*ACTIVITY:*
The records below must be copied in full; omit the images.

*DATA TO USE:*
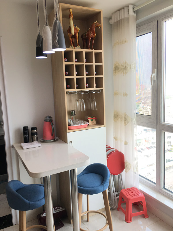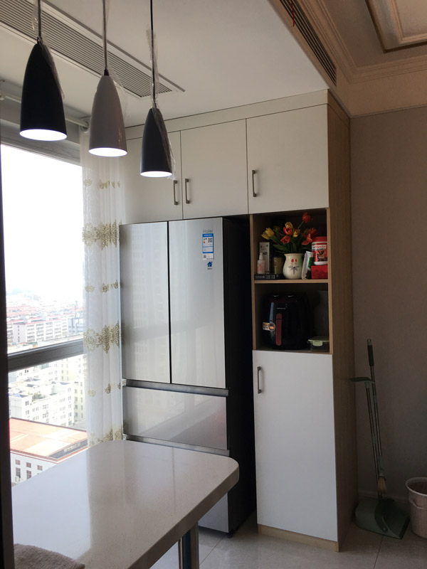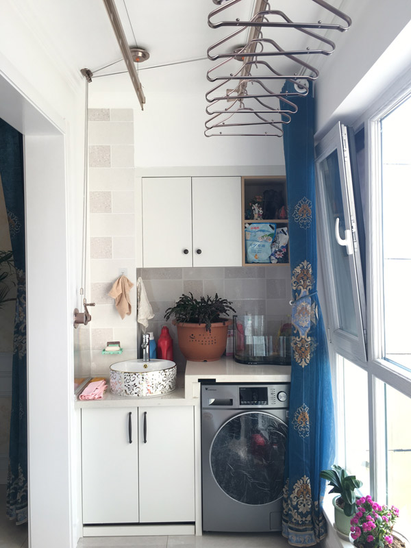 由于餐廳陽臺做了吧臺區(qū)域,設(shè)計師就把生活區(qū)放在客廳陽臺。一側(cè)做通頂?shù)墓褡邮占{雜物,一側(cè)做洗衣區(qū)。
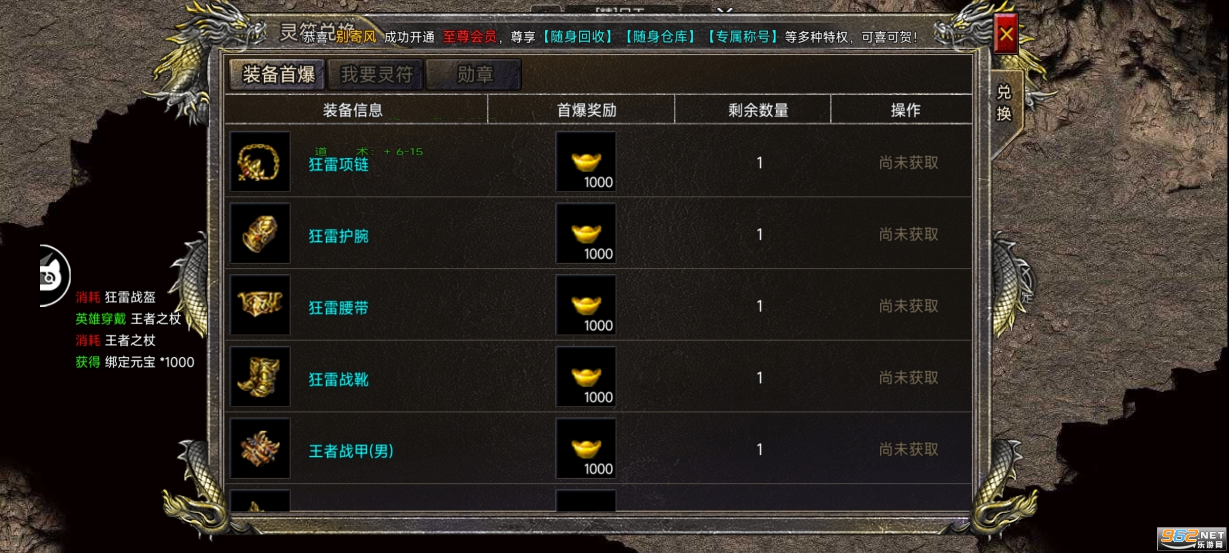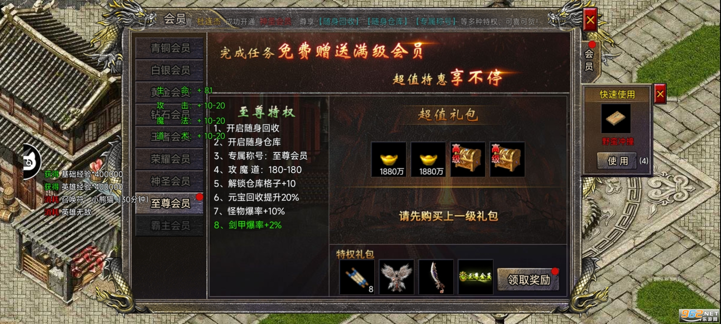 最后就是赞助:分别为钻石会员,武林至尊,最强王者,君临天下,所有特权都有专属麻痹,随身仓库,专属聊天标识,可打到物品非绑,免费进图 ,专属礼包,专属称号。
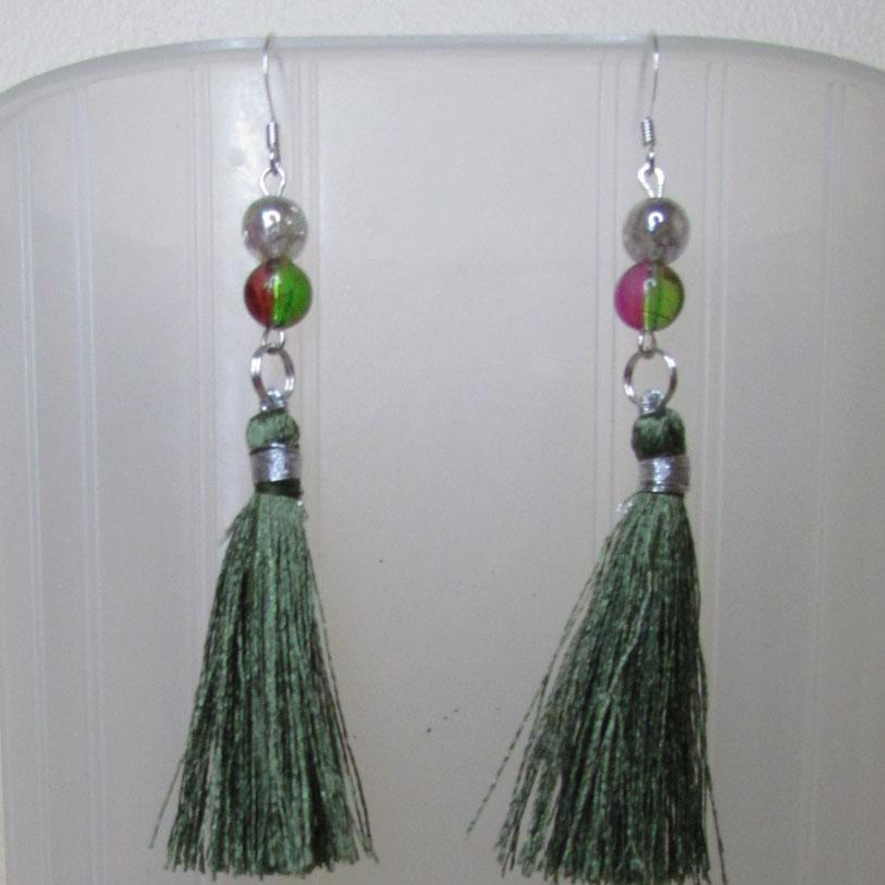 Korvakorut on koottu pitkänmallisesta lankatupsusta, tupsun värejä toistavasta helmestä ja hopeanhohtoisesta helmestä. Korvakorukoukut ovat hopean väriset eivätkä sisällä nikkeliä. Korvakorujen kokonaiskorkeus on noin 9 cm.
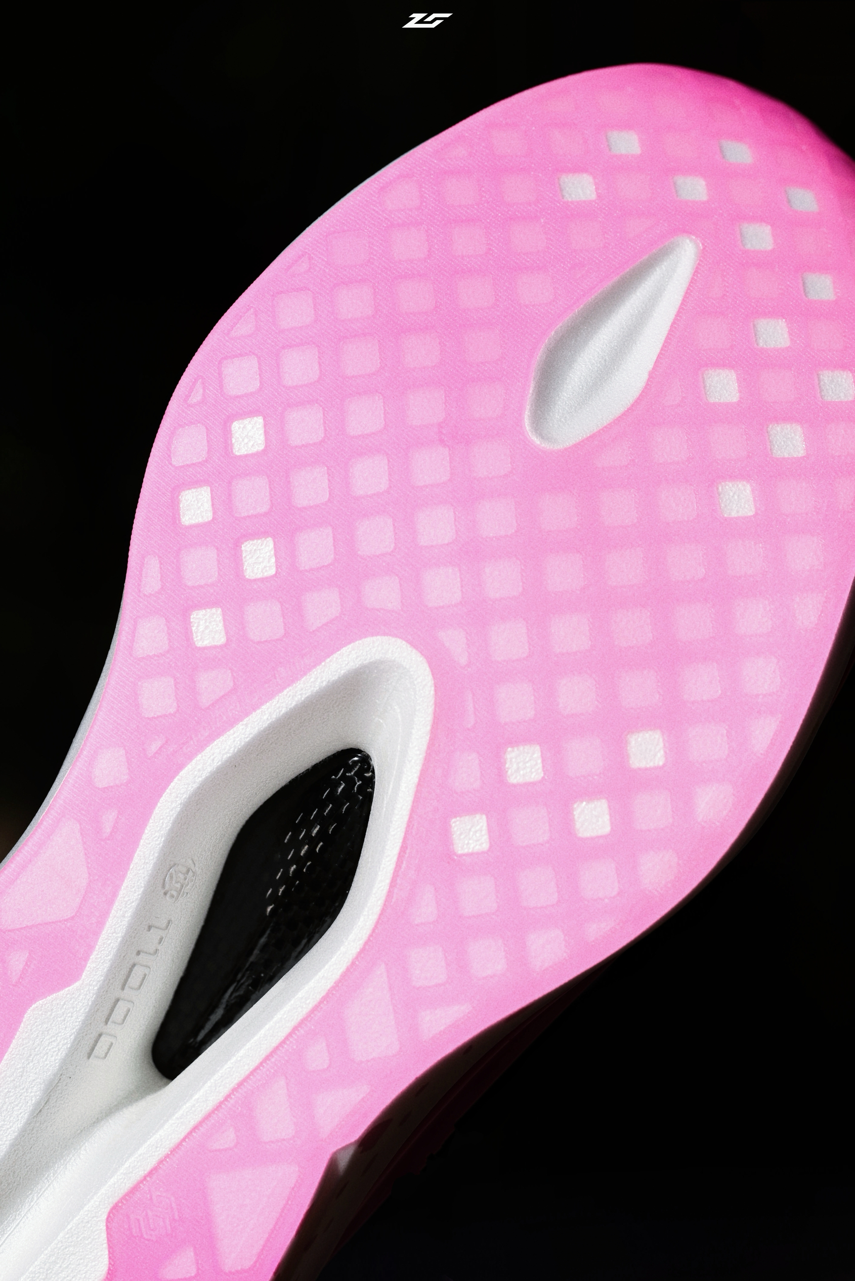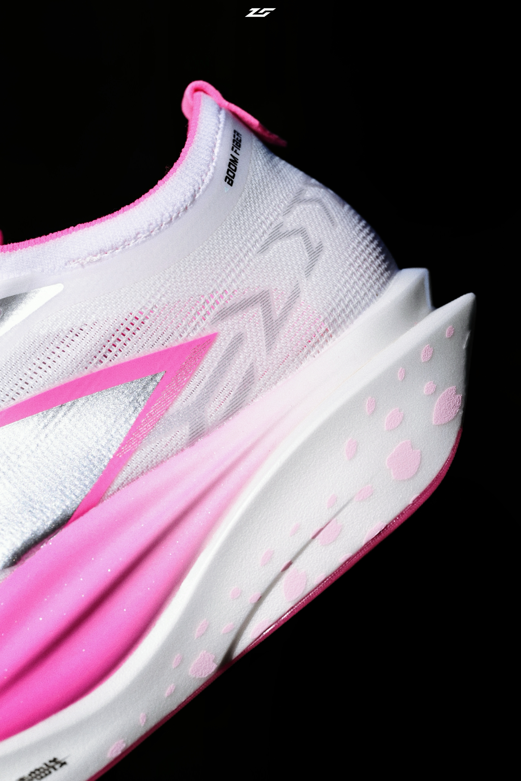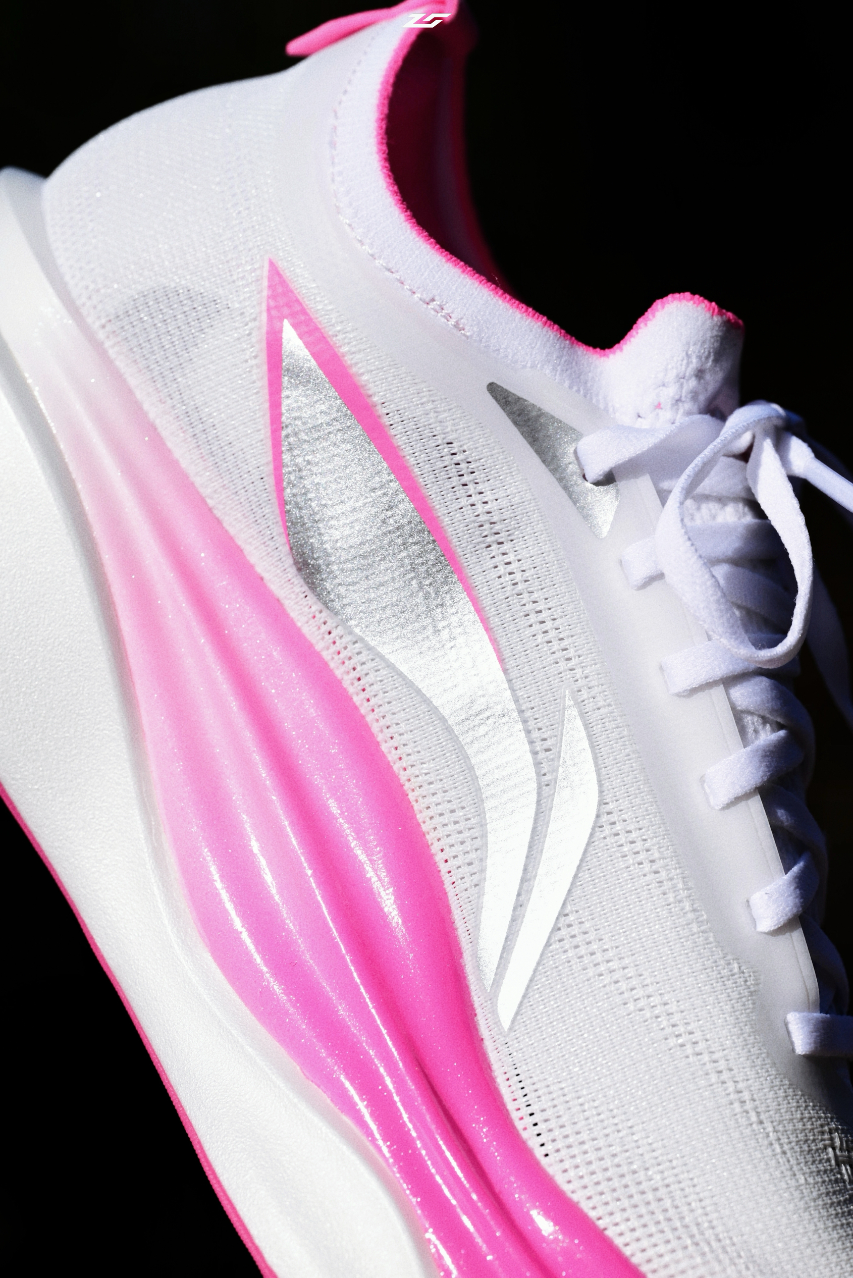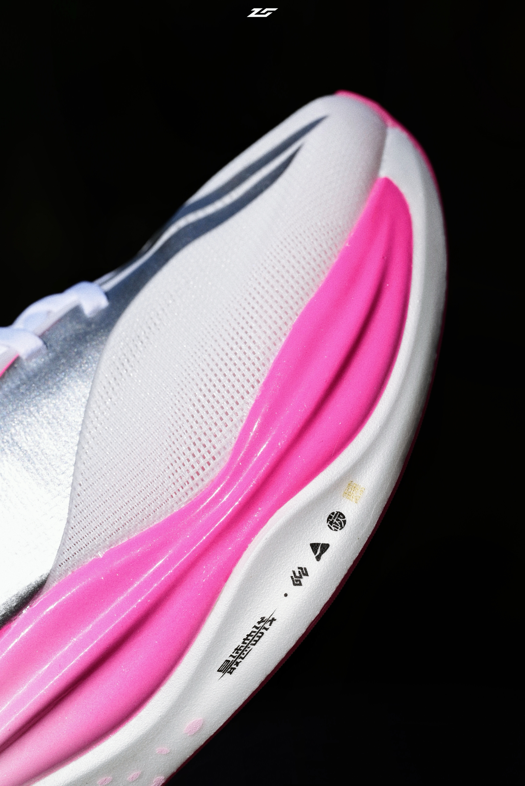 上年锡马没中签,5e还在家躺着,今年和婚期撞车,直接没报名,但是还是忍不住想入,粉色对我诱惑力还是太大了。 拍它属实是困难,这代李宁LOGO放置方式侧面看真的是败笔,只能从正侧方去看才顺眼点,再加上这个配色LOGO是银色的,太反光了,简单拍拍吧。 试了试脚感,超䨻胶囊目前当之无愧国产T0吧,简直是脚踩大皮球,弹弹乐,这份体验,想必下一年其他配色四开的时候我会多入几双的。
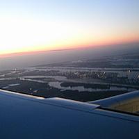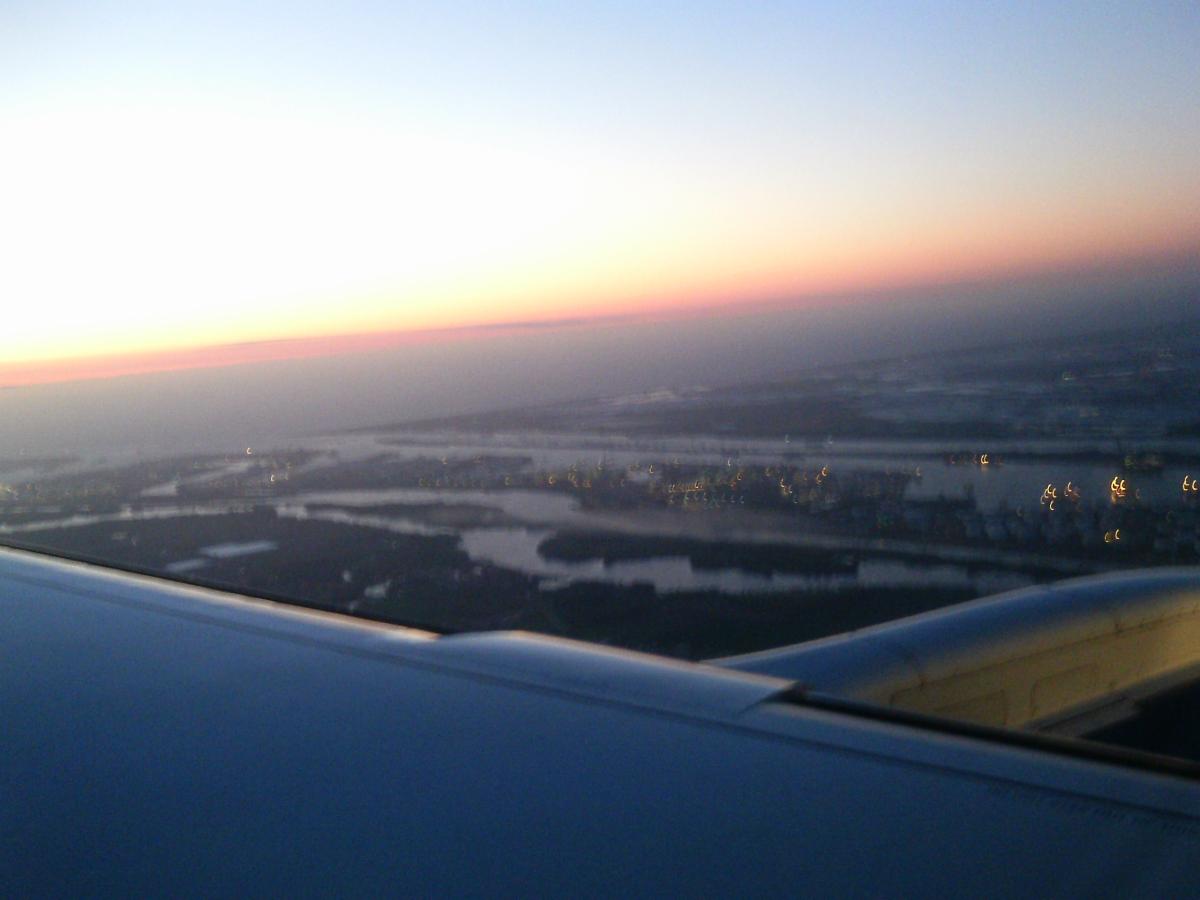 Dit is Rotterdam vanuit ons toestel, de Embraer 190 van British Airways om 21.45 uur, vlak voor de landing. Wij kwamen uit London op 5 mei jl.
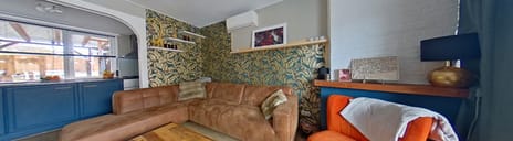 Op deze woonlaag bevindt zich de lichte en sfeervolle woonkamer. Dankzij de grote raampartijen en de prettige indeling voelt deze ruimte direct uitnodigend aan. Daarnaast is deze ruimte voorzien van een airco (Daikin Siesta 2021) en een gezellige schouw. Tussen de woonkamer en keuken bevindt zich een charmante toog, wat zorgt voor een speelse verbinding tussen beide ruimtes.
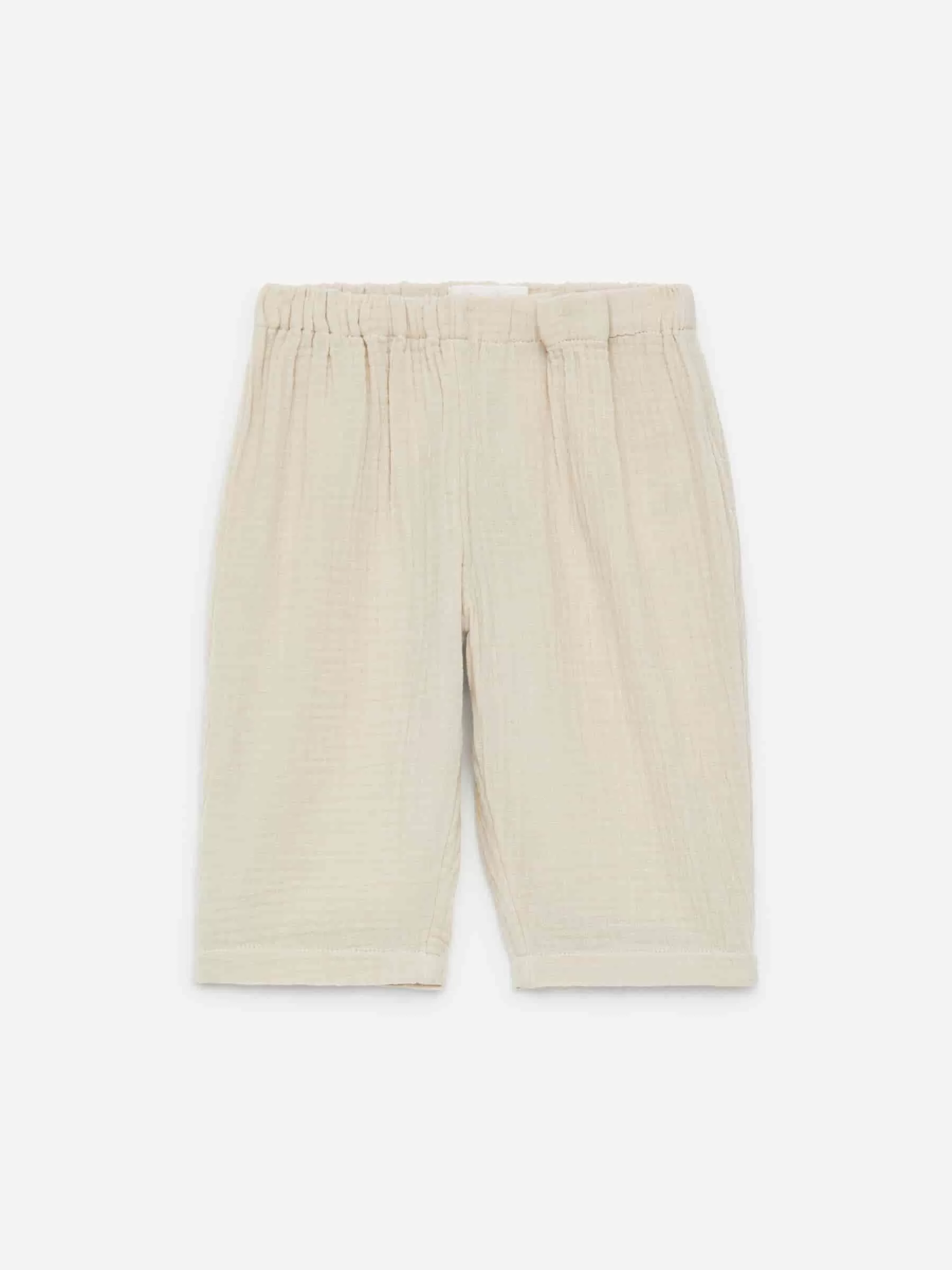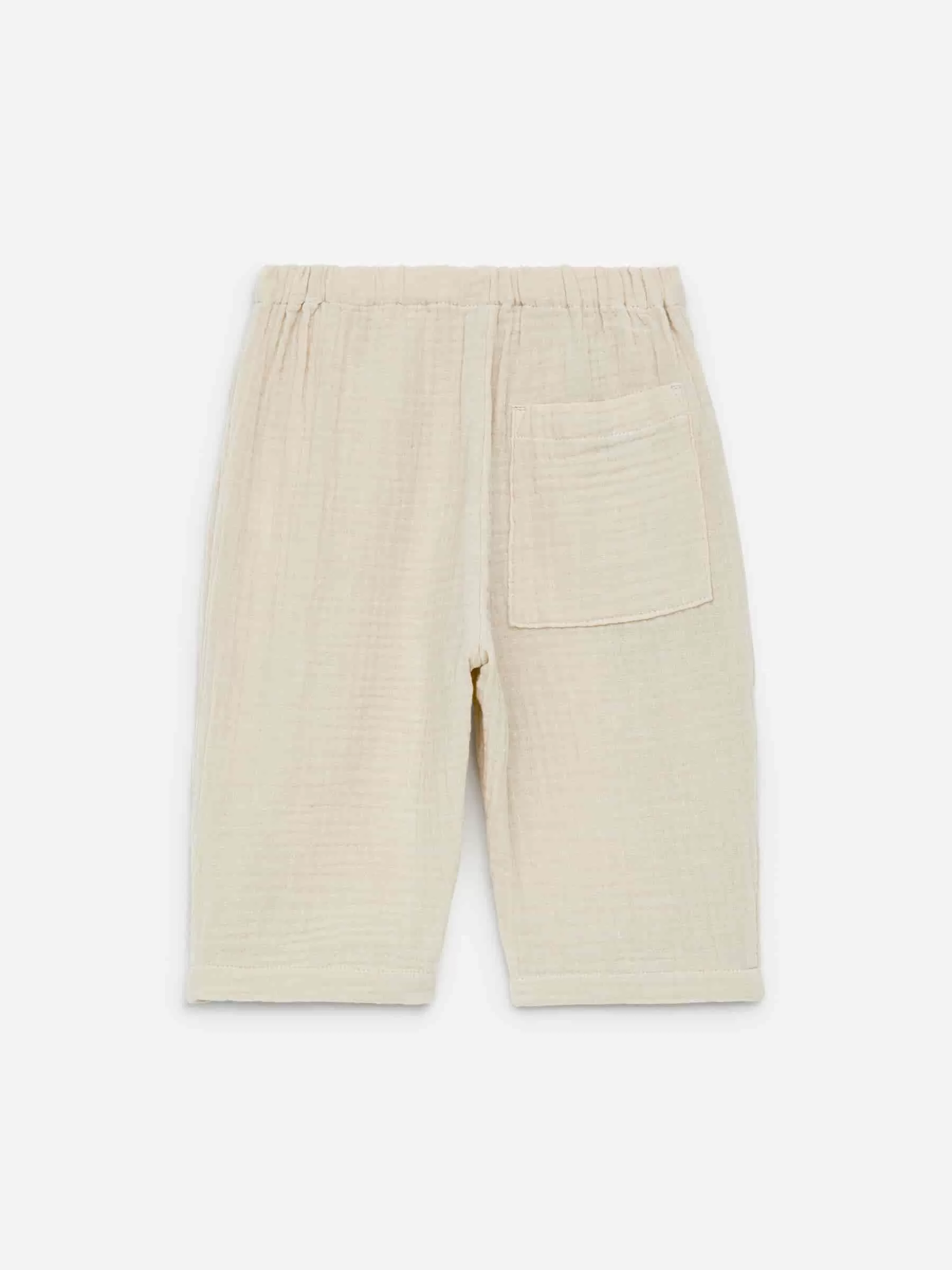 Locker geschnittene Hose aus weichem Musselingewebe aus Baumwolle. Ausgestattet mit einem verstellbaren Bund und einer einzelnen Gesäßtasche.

*EXERCISE OUTPUT:*
 由于餐廳陽臺做了吧臺區(qū)域,設(shè)計師就把生活區(qū)放在客廳陽臺。一側(cè)做通頂?shù)墓褡邮占{雜物,一側(cè)做洗衣區(qū)。
 最后就是赞助:分别为钻石会员,武林至尊,最强王者,君临天下,所有特权都有专属麻痹,随身仓库,专属聊天标识,可打到物品非绑,免费进图 ,专属礼包,专属称号。
 Korvakorut on koottu pitkänmallisesta lankatupsusta, tupsun värejä toistavasta helmestä ja hopeanhohtoisesta helmestä. Korvakorukoukut ovat hopean väriset eivätkä sisällä nikkeliä. Korvakorujen kokonaiskorkeus on noin 9 cm.
 上年锡马没中签,5e还在家躺着,今年和婚期撞车,直接没报名,但是还是忍不住想入,粉色对我诱惑力还是太大了。 拍它属实是困难,这代李宁LOGO放置方式侧面看真的是败笔,只能从正侧方去看才顺眼点,再加上这个配色LOGO是银色的,太反光了,简单拍拍吧。 试了试脚感,超䨻胶囊目前当之无愧国产T0吧,简直是脚踩大皮球,弹弹乐,这份体验,想必下一年其他配色四开的时候我会多入几双的。
 Dit is Rotterdam vanuit ons toestel, de Embraer 190 van British Airways om 21.45 uur, vlak voor de landing. Wij kwamen uit London op 5 mei jl.
 Op deze woonlaag bevindt zich de lichte en sfeervolle woonkamer. Dankzij de grote raampartijen en de prettige indeling voelt deze ruimte direct uitnodigend aan. Daarnaast is deze ruimte voorzien van een airco (Daikin Siesta 2021) en een gezellige schouw. Tussen de woonkamer en keuken bevindt zich een charmante toog, wat zorgt voor een speelse verbinding tussen beide ruimtes.
 Locker geschnittene Hose aus weichem Musselingewebe aus Baumwolle. Ausgestattet mit einem verstellbaren Bund und einer einzelnen Gesäßtasche.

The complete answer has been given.